💻 Laminar Quick Start: Automate Your AI Data Flywheel
Stop wasting 60% of your time on infrastructure and start focusing on your AI models.
from laminar import Laminar
import pandas as pd
# Initialize Laminar with your project
laminar = Laminar(project_name="my_ai_project")
# 1. Log LLM traces automatically
@laminar.trace()
def call_llm(prompt: str, model: str = "gpt-4"):
# Your LLM call logic here
response = openai.ChatCompletion.create(
model=model,
messages=[{"role": "user", "content": prompt}]
)
return response.choices[0].message.content
# 2. Run evaluations on your traces
eval_results = laminar.evaluate(
traces=laminar.get_traces(),
metrics=["accuracy", "latency", "cost"],
evaluation_pipeline="my_eval_pipeline"
)
# 3. Create dataset from successful traces
good_traces = eval_results[eval_results["accuracy"] > 0.9]
dataset = laminar.create_dataset(
name="high_quality_responses",
data=good_traces,
description="Traces with >90% accuracy"
)
# 4. Label data for fine-tuning
labeled_data = laminar.label(
dataset=dataset,
labeling_instructions="Label as helpful/unhelpful",
num_labelers=3
)
print(f"Automated {len(laminar.get_traces())} traces, {len(dataset)} dataset entries, and {len(labeled_data)} labeled examples")
# Export for model training
training_data = labeled_data.to_pandas()
training_data.to_csv("training_data.csv", index=False)
For every hour spent fine-tuning a model or crafting a prompt, AI teams spend two more wrestling with logging, evaluation pipelines, and dataset management. This infrastructure tax is the silent killer of productivity in modern AI product engineering. Emerging from Y Combinator's S24 batch, Laminar (lmnr-ai/lmnr) is an open-source platform built on a radical premise: to win in AI, you must first master your data operations, not just your models.
The $100 Billion Infrastructure Tax
The journey from a prototype AI feature to a reliable, improving product is fraught with operational complexity. Developers typically stitch together a patchwork of tools: one for tracing LLM calls (like LangSmith or Phoenix), another for running evaluations (perhaps using OpenAI's Evals framework), a separate system for managing datasets (like Hugging Face Datasets), and often a manual process for collecting human feedback and labels. This fragmentation creates massive overhead. Context is lost between systems, data becomes siloed, and the feedback loop necessary for improvement—the vaunted "data flywheel"—grinds to a halt.

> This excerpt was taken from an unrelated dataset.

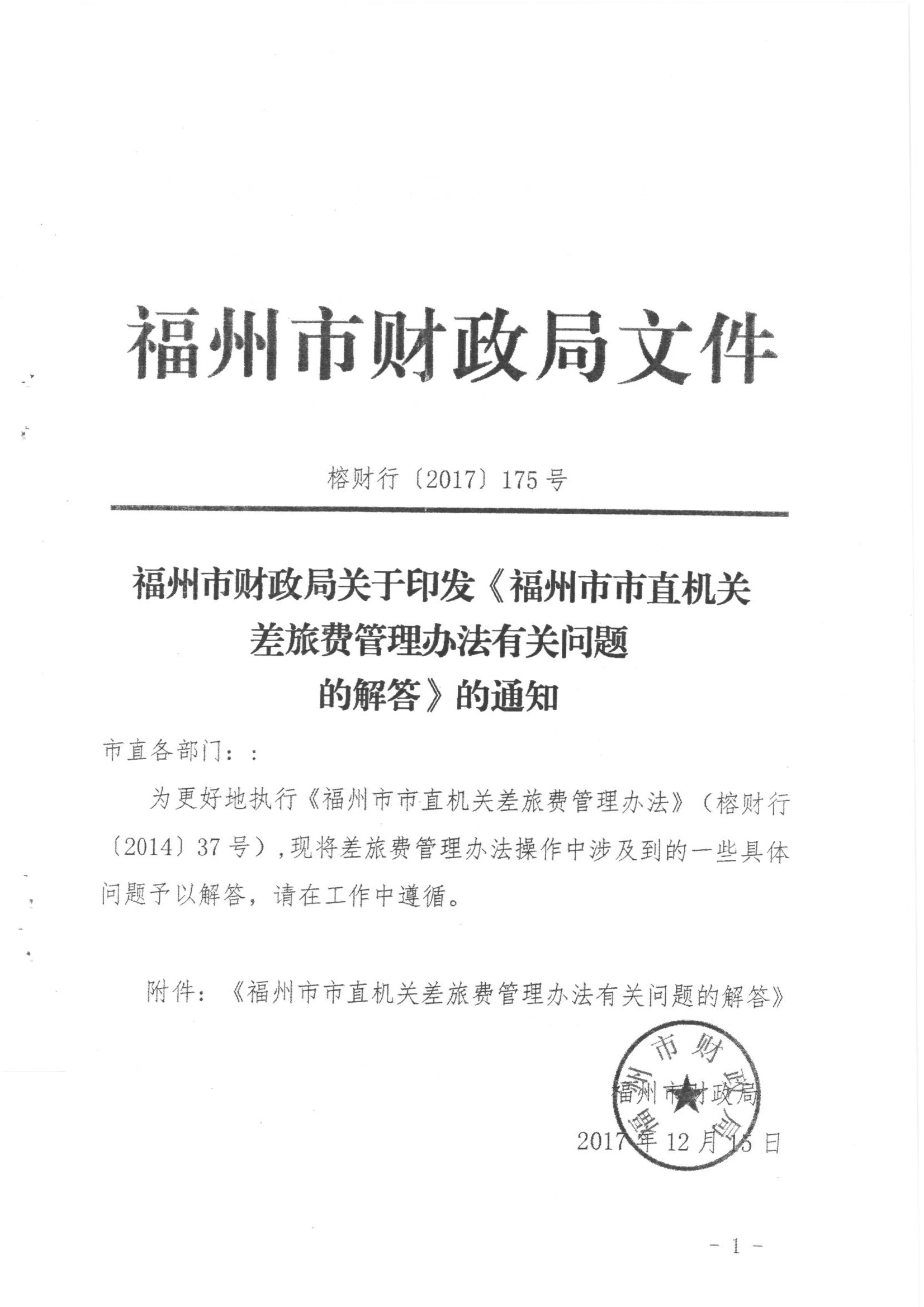 为更好执行《福州市市直机关差旅费管理办法》(榕财行〔2014〕37号),现将市财政局《福州市市直机关差旅费管理办法有关问题的解答》(榕财行〔2017〕185号)转发给你们,请各单位认真学习文件内容,在工作中遵照执行。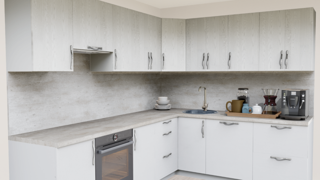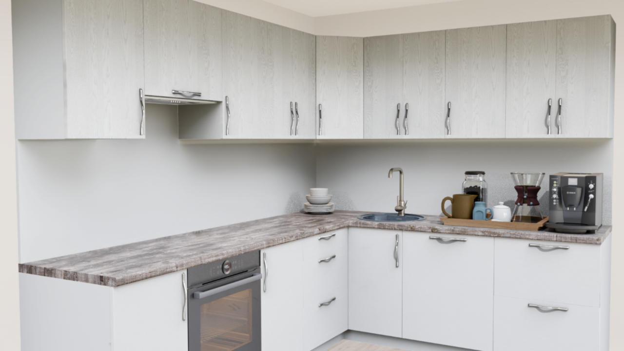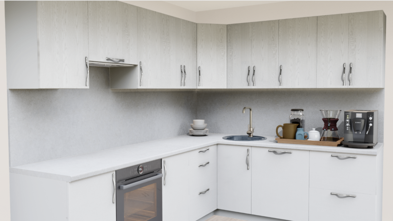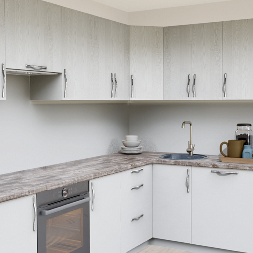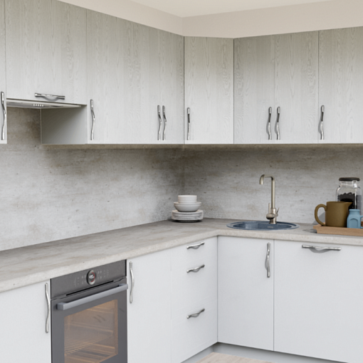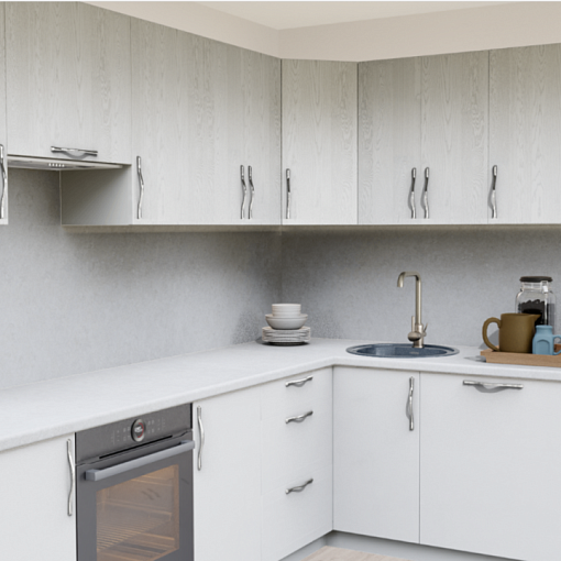 3. Угловая кухня Ясень натуральный 9132 со столешницей 2047-S Кантри и со стеновой панелью 1110-S Белый.

Laminar's founders identified this as the central bottleneck. "We kept seeing brilliant ML engineers and product teams stuck in infrastructure quicksand," explains a project spokesperson. "They had the vision for a self-improving AI application, but they were spending their cycles building plumbing, not product. The data flywheel remained a theoretical concept because the tools to build it were too disparate."
Laminar: The All-in-One Data Flywheel Engine
Laminar's solution is audaciously simple: a single, cohesive open-source platform that integrates the four core pillars of AI product operations.
1. Traces: The Complete System Narrative
Instead of just logging LLM inputs and outputs, Laminar captures full execution traces. This includes the chain of reasoning, tool calls, retrieved context from vector databases, code execution, and user interactions. It provides a holistic view of how your AI application behaves in the wild, turning black-box interactions into debuggable narratives.
2. Evals: Continuous, Automated Assessment
The platform allows teams to define and run evaluations directly against traced data. These can be model-graded (using another LLM as a judge), code-based, or involve human review. Crucially, evals are not a separate process; they are integrated into the trace lifecycle, enabling automatic scoring of production runs against key performance indicators.
3. Datasets: Curated Fuel for Improvement
Laminar automatically surfaces the most valuable data from traces. Failed runs, edge cases, and low-confidence outputs can be programmatically identified and exported as datasets. This transforms noisy production data into structured, high-signal training and testing material.
4. Labels: Closing the Human Feedback Loop
The platform includes tools for collecting human feedback—corrections, preferences, and ratings—directly on traced outputs. These labels are automatically associated with the original trace data, creating a rich, annotated corpus that can be used to fine-tune models, adjust prompts, or retrain classifiers.
The Integrated Flywheel in Motion
The magic is in the connection. Here’s how the flywheel spins: An AI customer support agent handles a conversation (Trace). An evaluation rule flags a response as unhelpful (Eval). This problematic interaction, with its full context, is automatically added to a "Needs Improvement" dataset (Dataset). A human reviewer corrects the agent's response within the platform (Label). This new gold-standard example is then used to fine-tune the underlying model or adjust the prompt chain. The improved agent is deployed, and its future traces are automatically evaluated against the same criteria, measuring the impact of the change.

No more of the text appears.